**WHAT NEEDS TO BE DONE:** An exact restatement of the data below, with the pictures removed, is the required answer.

**COLLECTED MATERIAL:**
[Start of Attachment]
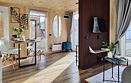 В вашем распоряжении — дом с панорамными окнами, наполненный светом и теплом, и уютная дровяная баня с отдельной комнатой для отдыха. Для того чтобы создать атмосферу безмятежности, на просторной деревянной террасе можно устроить чаепитие в шезлонгах или развести костер в специально отведенной зоне. Кроме того, здесь есть мангальная площадка для приготовления барбекю, чан для релаксации и закрытая территория с комфортной парковкой.
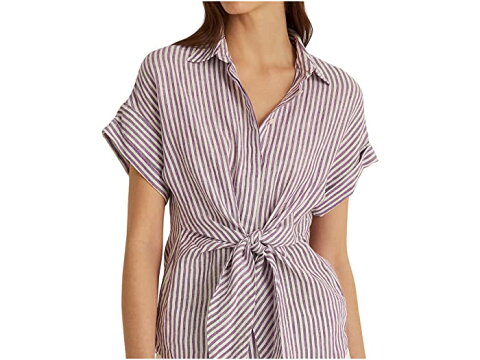 ■備考(取寄) ローレン ラルフローレン ストライプド タイ フロント リネン シャツ LAUREN Ralph Lauren Striped Tie Front Linen Shirt Purple Verbena/Whiteレディース シャツ インナー トップス ファッション ブランド カジュアル 大きいサイズ ビックサイズ zp-9799801
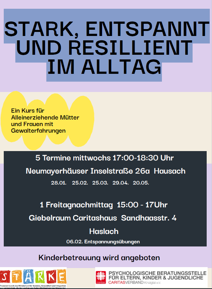 Dieser Kurs bietet praktische Techniken zur Stressbewältigung und Resilienzförderung. Er richtet sich an Frauen, die neben den Herausforderungen des Alleinerziehens auch belastende Erfahrungen verarbeiten müssen. Die Teilnehmerinnen lernen, ihre eigenen Bedürfnisse ernst zu nehmen, Grenzen zu setzen und Stress im Alltag zu reduzieren. Neben Entspannungstechniken stehen Selbstfürsorge, der Umgang mit schwierigen Gefühlen und der Aufbau eines unterstützenden Netzwerks im Fokus.
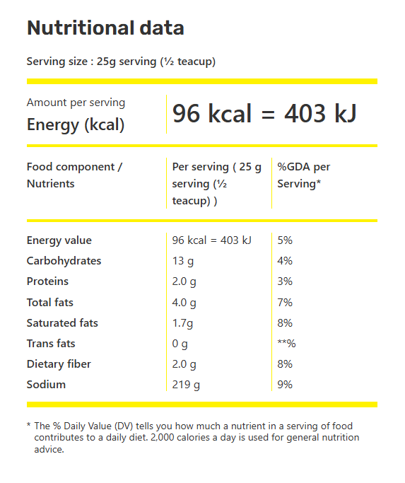 *Ingredient, nutritional and allergen statements may change. Always refer to actual packaging for the most complete and accurate information.
[End of Attachment]
**TASK RESPONSE:**
 В вашем распоряжении — дом с панорамными окнами, наполненный светом и теплом, и уютная дровяная баня с отдельной комнатой для отдыха. Для того чтобы создать атмосферу безмятежности, на просторной деревянной террасе можно устроить чаепитие в шезлонгах или развести костер в специально отведенной зоне. Кроме того, здесь есть мангальная площадка для приготовления барбекю, чан для релаксации и закрытая территория с комфортной парковкой.
 ■備考(取寄) ローレン ラルフローレン ストライプド タイ フロント リネン シャツ LAUREN Ralph Lauren Striped Tie Front Linen Shirt Purple Verbena/Whiteレディース シャツ インナー トップス ファッション ブランド カジュアル 大きいサイズ ビックサイズ zp-9799801
 Dieser Kurs bietet praktische Techniken zur Stressbewältigung und Resilienzförderung. Er richtet sich an Frauen, die neben den Herausforderungen des Alleinerziehens auch belastende Erfahrungen verarbeiten müssen. Die Teilnehmerinnen lernen, ihre eigenen Bedürfnisse ernst zu nehmen, Grenzen zu setzen und Stress im Alltag zu reduzieren. Neben Entspannungstechniken stehen Selbstfürsorge, der Umgang mit schwierigen Gefühlen und der Aufbau eines unterstützenden Netzwerks im Fokus.
 *Ingredient, nutritional and allergen statements may change. Always refer to actual packaging for the most complete and accurate information.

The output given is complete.